### WHAT IS BEING ASKED
Look below for the line that has "Somatçi Fihi Ma". Set down the lines from there through the line that has "七只羊服飾創(chuàng)", exactly as written.

### RECORDS FOR PROCESSING
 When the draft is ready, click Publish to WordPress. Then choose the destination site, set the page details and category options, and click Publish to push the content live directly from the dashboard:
---
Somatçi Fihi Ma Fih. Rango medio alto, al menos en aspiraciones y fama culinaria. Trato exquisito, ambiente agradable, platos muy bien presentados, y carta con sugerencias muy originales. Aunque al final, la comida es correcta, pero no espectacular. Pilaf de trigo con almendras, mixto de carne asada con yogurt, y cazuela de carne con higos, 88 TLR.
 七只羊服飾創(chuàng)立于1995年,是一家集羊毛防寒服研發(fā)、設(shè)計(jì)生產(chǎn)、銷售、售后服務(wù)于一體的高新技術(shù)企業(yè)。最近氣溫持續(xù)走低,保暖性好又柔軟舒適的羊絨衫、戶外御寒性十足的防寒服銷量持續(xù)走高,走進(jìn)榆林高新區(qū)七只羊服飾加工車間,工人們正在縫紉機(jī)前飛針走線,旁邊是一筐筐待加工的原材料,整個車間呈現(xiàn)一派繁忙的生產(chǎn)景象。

### SOLUTION TO THE PROBLEM
Somatçi Fihi Ma Fih. Rango medio alto, al menos en aspiraciones y fama culinaria. Trato exquisito, ambiente agradable, platos muy bien presentados, y carta con sugerencias muy originales. Aunque al final, la comida es correcta, pero no espectacular. Pilaf de trigo con almendras, mixto de carne asada con yogurt, y cazuela de carne con higos, 88 TLR.
 七只羊服飾創(chuàng)立于1995年,是一家集羊毛防寒服研發(fā)、設(shè)計(jì)生產(chǎn)、銷售、售后服務(wù)于一體的高新技術(shù)企業(yè)。最近氣溫持續(xù)走低,保暖性好又柔軟舒適的羊絨衫、戶外御寒性十足的防寒服銷量持續(xù)走高,走進(jìn)榆林高新區(qū)七只羊服飾加工車間,工人們正在縫紉機(jī)前飛針走線,旁邊是一筐筐待加工的原材料,整個車間呈現(xiàn)一派繁忙的生產(chǎn)景象。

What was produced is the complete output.